New “features” emerging from generic programming#
Symbolic computations#
using Symbolics
@variables a b c d e
v = vander([a, b, c, d, e])
substitute(v, Dict(b => 2, d => 4))
Arbitrary precision computing#
x = rand(BigFloat, 10)
10-element Vector{BigFloat}:
0.2161031980318831255921322433408436907781671454955668696579829700944428593281134
0.9207073642769274767111781566471123977336878227480311277064596264604037528701053
0.8495758285303895622128469631880481687885863958640820458291008812941111667820195
0.1409939714391858189570747335937928093843166313973919351135492100570271062807622
0.8182314309046965691127340692361068002967282049571550873208670576392475049435058
0.3736399997569659792614749994324503727598543381609754716088332423833328700714368
0.5089521677934883707406197967620895023439420711903230099404844752797502609071063
0.5399866349106401290729825983026868742643178995678155591627679788469629320506872
0.5471017233930594890325921322753917364622313134246785786505090827608953421940656
0.1643490361224571024576140391199536160440523611275100721801816121999483572338236
sum(x)
5.079641355159693623151249731898475968855884183933529757170736137016122152661652
Differential equation solving with uncertainty#
Code:
using OrdinaryDiffEq, Measurements, Plots
#Half-life of Carbon-14 is 5730 years.
c = 5.730 ± 2
#Setup
u0 = 1.0 ± 0.1
tspan = (0.0, 1.0)
#Define the problem
radioactivedecay(u,p,t) = -c*u
#Pass to solver
prob = ODEProblem(radioactivedecay,u0,tspan)
sol = solve(prob, Tsit5(), reltol=1e-8, abstol=1e-8);
plot(sol.t, sol.u, ylabel="u(t)", xlabel="t", lw=2, legend=false)
Output:
Historical note: In some sense, Julia implemented that feature by itself. The authors of Measurements.jl and DifferentialEquations.jl never had any collabration on this.

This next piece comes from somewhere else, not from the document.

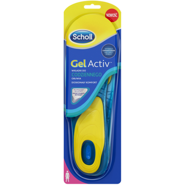 Doskonały komfortPodwójny żel wkładek Scholl GelActiv do codziennego obuwia rozmiar 38-42 (damskie) ma udowodnione działanie amortyzujące wstrząsy oraz pomaga redukować nadmierny ucisk wywołany chodzeniem czy codziennymi czynnościami. Twardszy żel zapewnia wsparcie dla podbicia oraz pięty, podczas gdy miękki żel wspomaga amortyzację i pochłania wstrząsy. Technologia GelActiv: Wbudowane ergonomiczne wkładki żelowe zapewniają doskonałą amortyzację i ochronę.Skutecznie pochłania wstrząsy i pomaga zmniejszyć nadmierny ucisk spowodowany chodzeniem lub bieganiem.

Core messages of this Notebook#
Julia can be fast.
A function is compiled when called for the first time with a given set of argument types.
The are multiple compilation steps all of which can be inspected through macros like
@code_warntype
.Code specialization based on the types of all of the input arguments is important for speed.
Calculations can be moved to compile-time to make run-time faster.
In virtually all cases, explicit type annotations are irrelevant for performance.
Type annotations in function signatures define a type filter/user interface.